I need your help with [description of blocker].

Hand-off page: https://yourdomain.com/handoff/page?token=TOKEN_HERE

[Description of what's on screen and what you need them to do]

Available commands:
• type: [text] — type into the focused field
• screenshot — get a fresh screenshot
• done — hand control back to me
• abort — cancel and close the session

Hand-Off Triggers

  • CAPTCHA that auto-solve can't handle
  • Login requiring credentials the assistant doesn't have
  • Multi-factor authentication (phone/email codes, authenticator)
  • "Are you human?" challenges
  • Payment confirmation (human must explicitly approve)
  • Anything the assistant can't figure out from screenshots

Form Filling Protocol (Browserbase)

When filling forms via Browserbase, follow this efficient workflow:

1. Navigate to the Form Page

curl -s -X POST http://localhost:3849/session/start \
  -H 'Content-Type: application/json' \
  -d '{"url": "https://example.com/application", "contextName": "sitename"}'

2. Discover All Form Fields

Use /session/eval to enumerate every field on the page:

curl -s -X POST http://localhost:3849/session/eval \
  -H 'Content-Type: application/json' \
  -d '{"script": "Array.from(document.querySelectorAll(\"input, select, textarea\")).map(el => ({tag: el.tagName, type: el.type, name: el.name, id: el.id, label: el.labels?.[0]?.textContent?.trim() || null, options: el.tagName===\"SELECT\" ? Array.from(el.options).map(o=>({val:o.value,text:o.text})) : undefined})).filter(f => f.type !== \"hidden\" && f.name !== \"\")"}'

For complex discovery scripts, use Python to avoid escaping issues (see reference.md for the Python eval helper pattern).

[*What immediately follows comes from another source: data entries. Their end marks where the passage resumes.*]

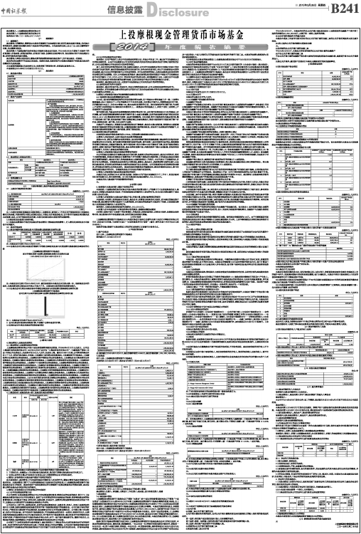 上投摩根现金管理货币市场基金2014年度财务会计报告已由普华永道中天会计师事务所有限公司审计、注册会计师汪棣、王灵签字出具了“无保留意见的审计报告”(编号:普华永道中天审字(2015)第20488号)。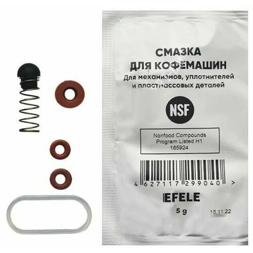 Ремкомплект дренажного клапана нового образца Bosch/Siemens/Nivona/Melitta/Miele В состав ремкомплекта входит: Уплотнитель тефлоновой трубки - 2 шт. Манжета дренажного клапана - 1 шт. Пружинка с клапаном (грибком) -1 шт. Уплотнитель крышки корпуса дренажного клапана - 1 шт. Пищевая силиконовая смазка, саше пакет 5гр - 1 шт. Подходит к моделям кофемашин: Bosch Benvenuto TCA5201 - classic
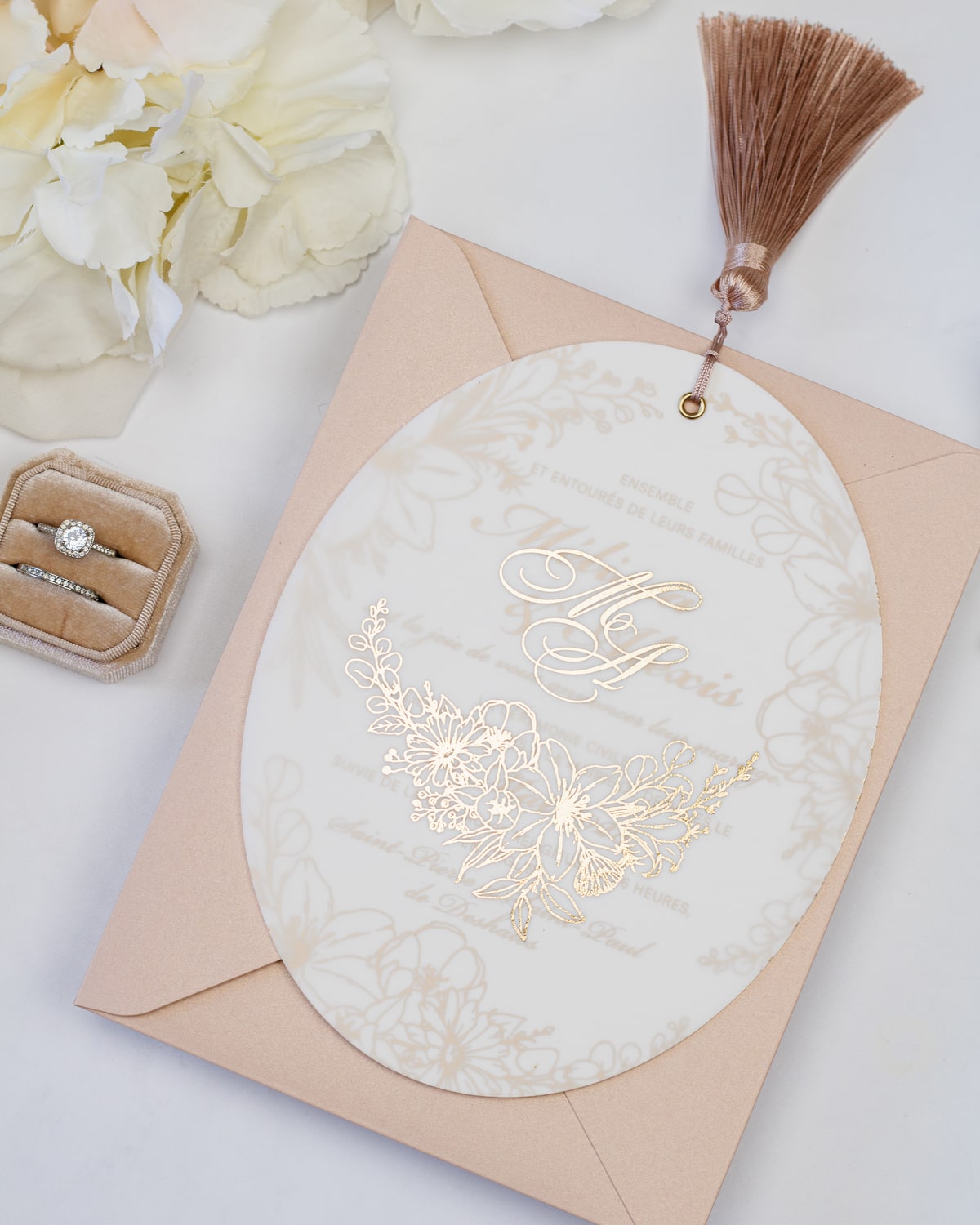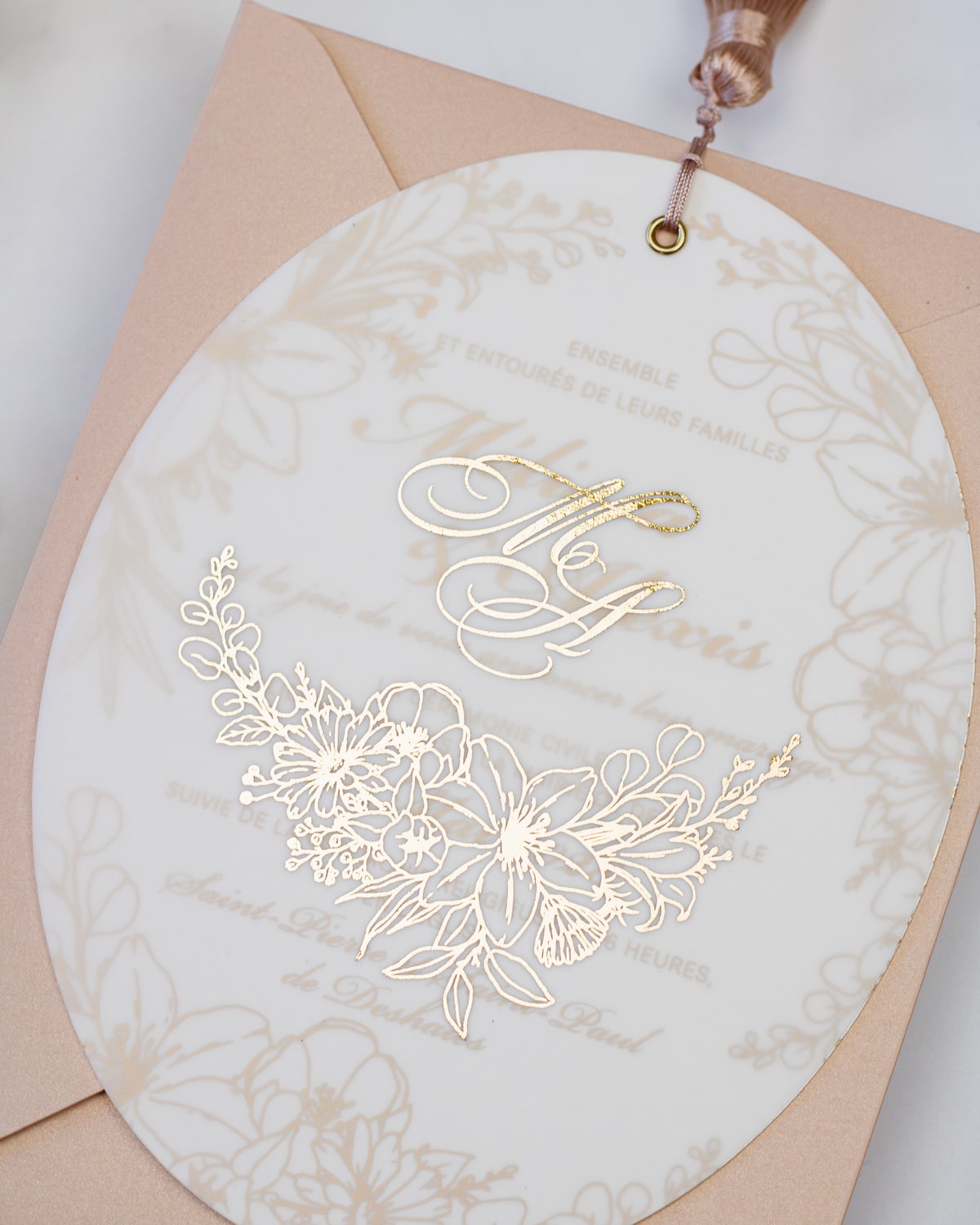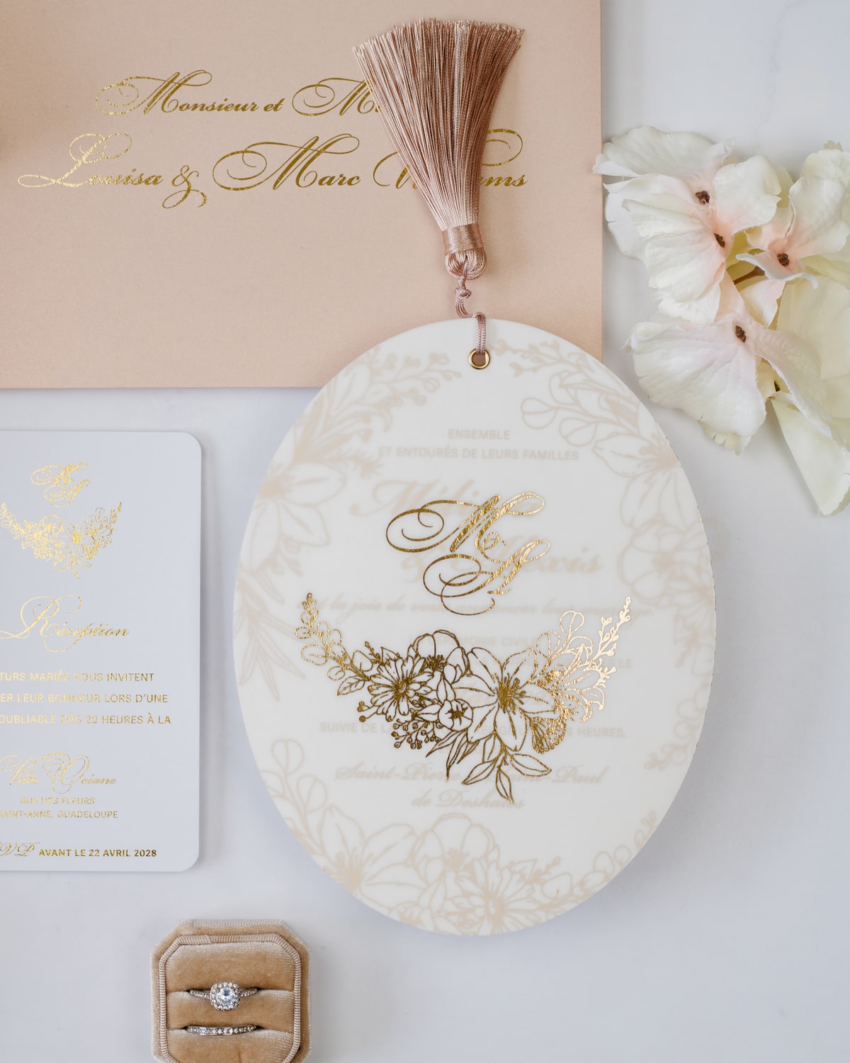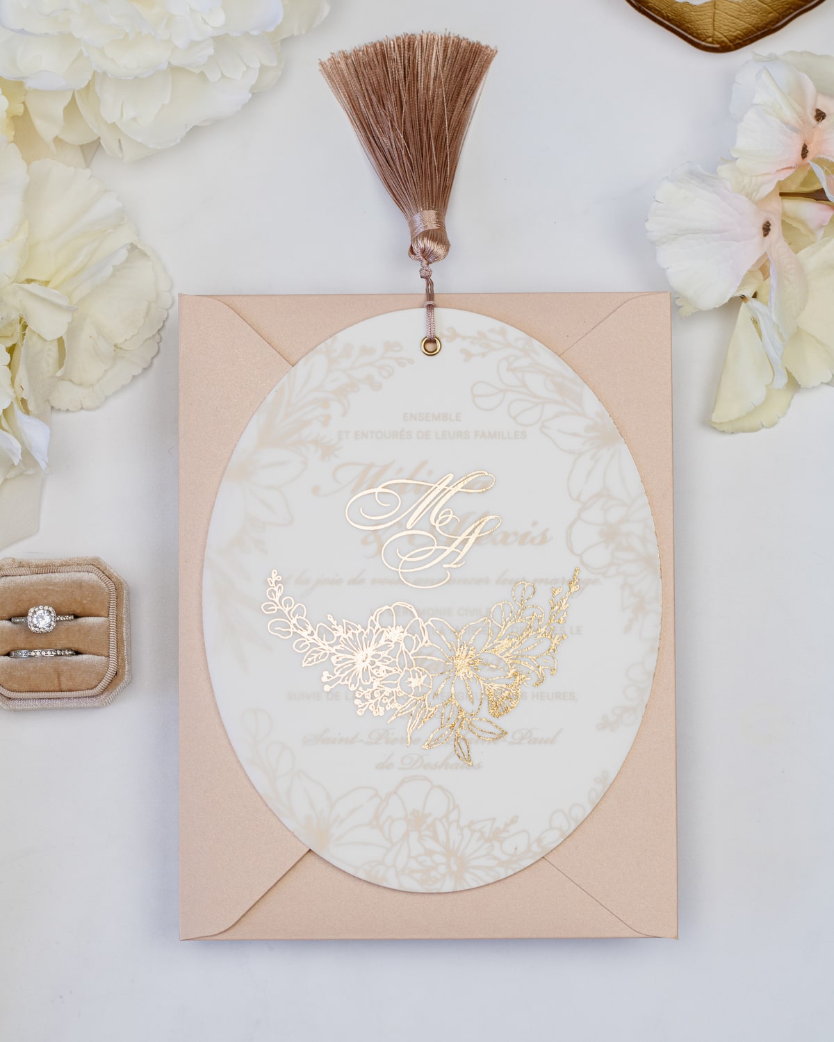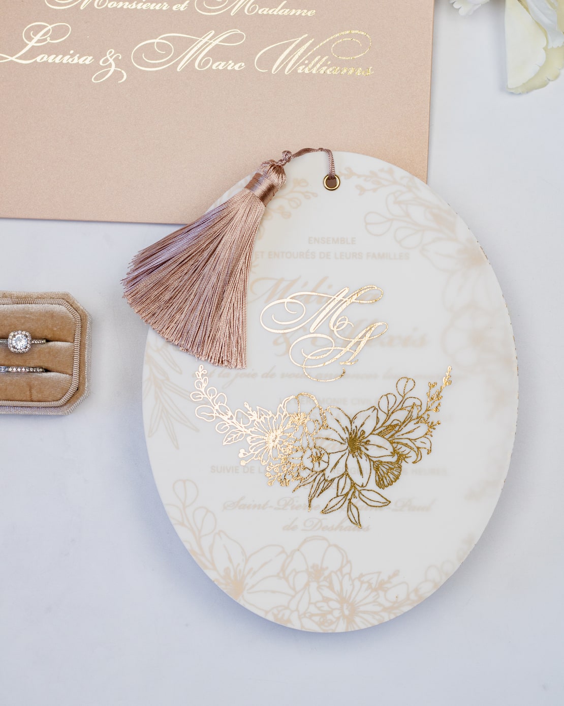Elégant faire-part de mariage, orné d'un élégant Tassel et sublimé par une finition or, .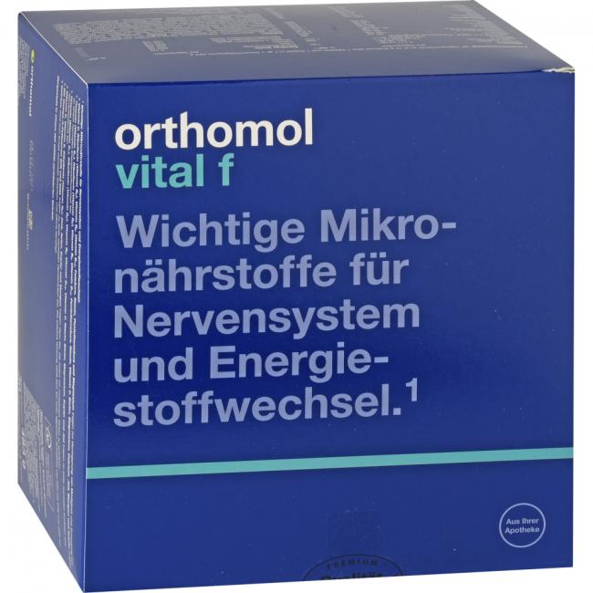 - Orthomol Vital f in der Darreichungsform Granulat enthält Kohlenhydrate, bei Störungen der Glucosetoleranz nur unter sorgfältiger Stoffwechselkontrolle verwenden. Die enthaltenen Kohlenhydrate (10,4 g pro Tagesportion) sind leicht verfügbar.
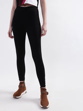 Get ready to make a statement with these DKNY Women's Black Solid Leggings! Made with a comfortable blend of 90% cotton and 10% spandex/elastane, these iconic leggings are perfect for any occasion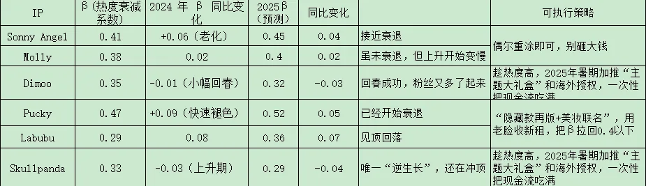泡泡头部6个IP用 Google Trends+闲鱼均价+天猫月销做面板数据,可拟合出“热度衰减函数”:log(均价t / 发行价) = α – β·t^0.5 ,β 越大衰减越快。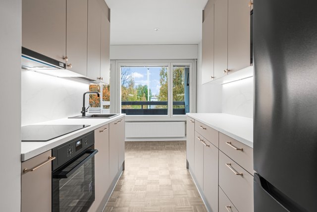- Jääkaappipakastin (Uusi), erillisuuni (Uusi), liesi (Uusi), liesituuletin (Uusi), mikroaaltouuni (Uusi integroitu), ja astianpesukone (Uusi)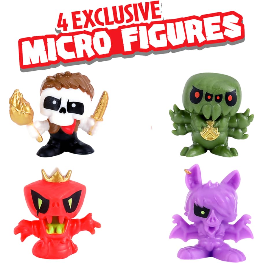 There are 4 different and EXCLUSIVE 1' Micro Figures for kids to search for and collect in the Lost Lands Skull Island Skull Temple! Find them hidden throughout the Temple and help them escape! Meet Hunta, Batboy, Aragog and Venom!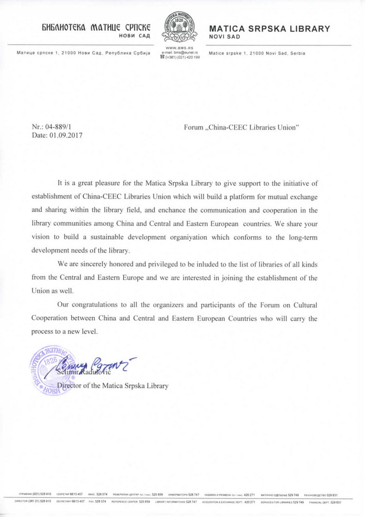 By report, “The Ist China-CEEC Libraries Union Library Director’s Forum 2018” has already been included in the “Cultural Cooperation Plan between China and Central and Eastern European Countries for the Years 2018-2019”, where the representatives will sign the Statement on the Establishment of China-CEEC Libraries Union, and the brainstorming meeting will be held in the forum which will focus on the forefront of the international library community.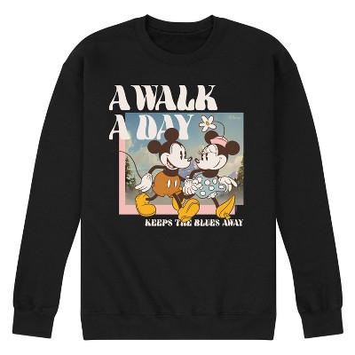 Men's - Disney - Mickey and Minnie Mouse A Walk A Day Keeps The Blues Away Graphic Fleece Sweatshirt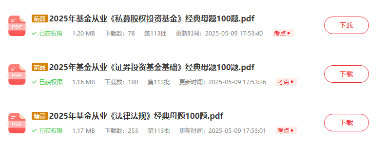 母题包含科目:基金法律法规、证券投资基金、私募股权投资基金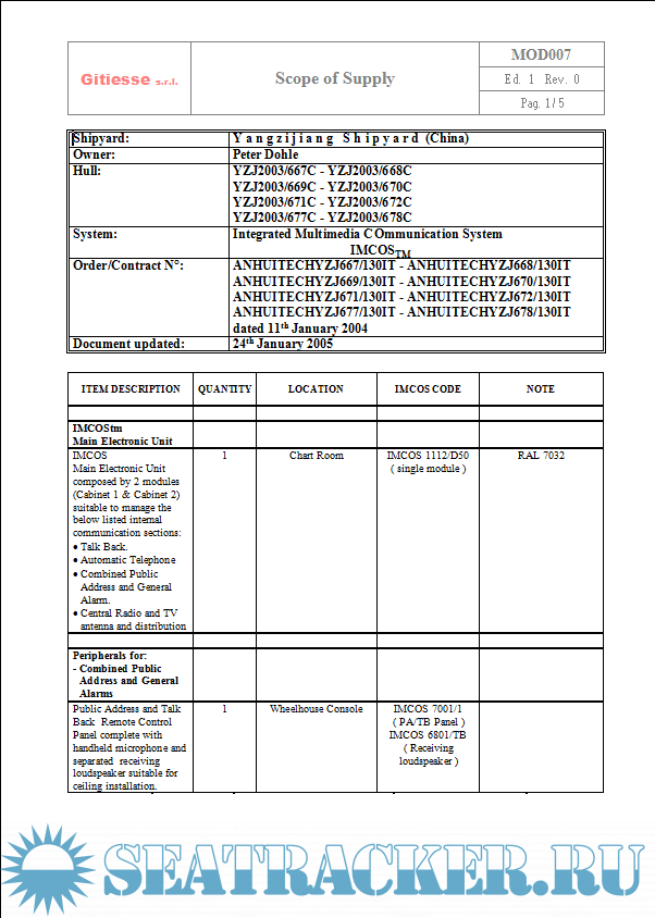 Year: 2005 Language: english Author: EATON Gitiesse Genre: Documentation Format: DOC, PDF, DWG Quality: eBook Pages count: ~200 Description: Final drawings & documents. IMCOS, manages the below listed internal communication sections: - Combined Public Address and General Alarm - Talk Back. - Automatic Telephones. - Aerial Radio/TV. - External Sound Reception.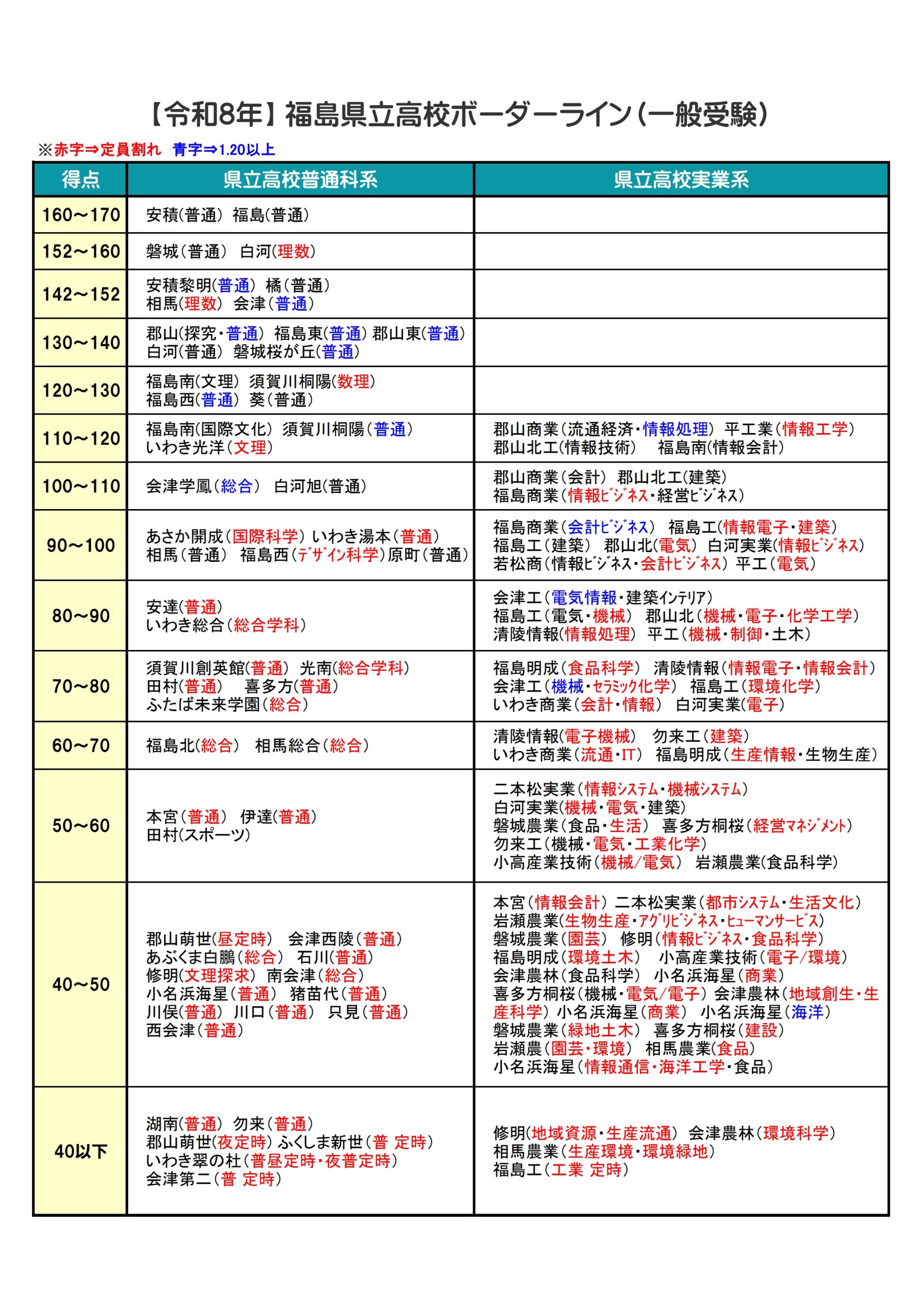 【極秘資料】これが福島県内進学校過去7年の合格ラインだ!!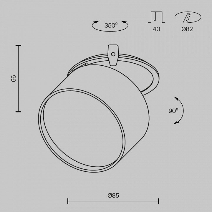 Диаметр врезного отверстия, мм: 82

3. Batch-Fill All Fields in One Call

Use /session/eval with the React-compatible native setter pattern:

# Use Python for the actual call — much cleaner than curl with escaped JSON
python3 -c "
import json, subprocess
script = '''(() => {
  const setter = Object.getOwnPropertyDescriptor(window.HTMLInputElement.prototype, 'value').set;
  const fields = {'firstName': 'John', 'lastName': 'Smith', 'email': 'john@example.com'};
  for (const [id, val] of Object.entries(fields)) {
    const el = document.getElementById(id);
    if (el) { setter.call(el, val); el.dispatchEvent(new Event('input', {bubbles:true})); el.dispatchEvent(new Event('change', {bubbles:true})); }
  }
  return 'filled';
})()'''
r = subprocess.run(['curl', '-s', '-X', 'POST', 'http://localhost:3849/session/eval',
  '-H', 'Content-Type: application/json', '-d', json.dumps({'script': script})],
  capture_output=True, text=True)
print(r.stdout)
"

4. Screenshot to Verify

curl -s http://localhost:3849/session/screenshot > /tmp/form-filled.png

Review the screenshot to confirm all fields are populated correctly.

5. Submit or Hand Off

  • If the form is ready: use /session/click to submit
  • If there is a CAPTCHA or login blocker: hand off to human (see Hand-Off Protocol)
  • If the human needs to review before submitting: hand off with instructions to review and click Submit

Tips

  • Use Python for eval scripts: Shell escaping of JSON containing JavaScript is error-prone. Python's json.dumps() handles it cleanly.
  • Session timeout is 300s by default: For multi-page forms, work quickly. You can set SESSION_TIMEOUT env var on the sidecar for longer workflows.
  • Discover before filling: Never guess field IDs. Always run the discovery script first. Field IDs vary wildly across sites.
  • Dropdowns need separate handling: Native <select> uses .value + change event. Custom dropdowns (React Select, etc.) need click-based interaction via /session/click.
  • Masked fields need /session/type: For SSN, phone, credit card fields with input masks, use /session/type with the field selector instead of eval. Masks rely on keystroke events.
  • Government sites: Watch for ASP.NET postbacks (dropdown changes reload the page), aggressive session timeouts, and CAPTCHA on submission. See reference.md for detailed tips.

Security Rules

  1. type: relay text is NEVER logged — passwords, SSNs, account numbers are safe
  2. Live view URLs only sent via private channel DM — never in group chats or logs
  3. Financial transactions require explicit human approval
  4. Session recording is OFF — no video of banking/password screens on Browserbase servers
  5. Proxy providers block banking domains — hand-off to human is the approach for those

Site Knowledge (Memory-Based)

Per-site learnings (field selectors, navigation flows, quirks, anti-bot patterns) are stored as memories in .kithkit/state/memory/memories/, NOT in this skill. This keeps the skill shareable without leaking site-specific knowledge.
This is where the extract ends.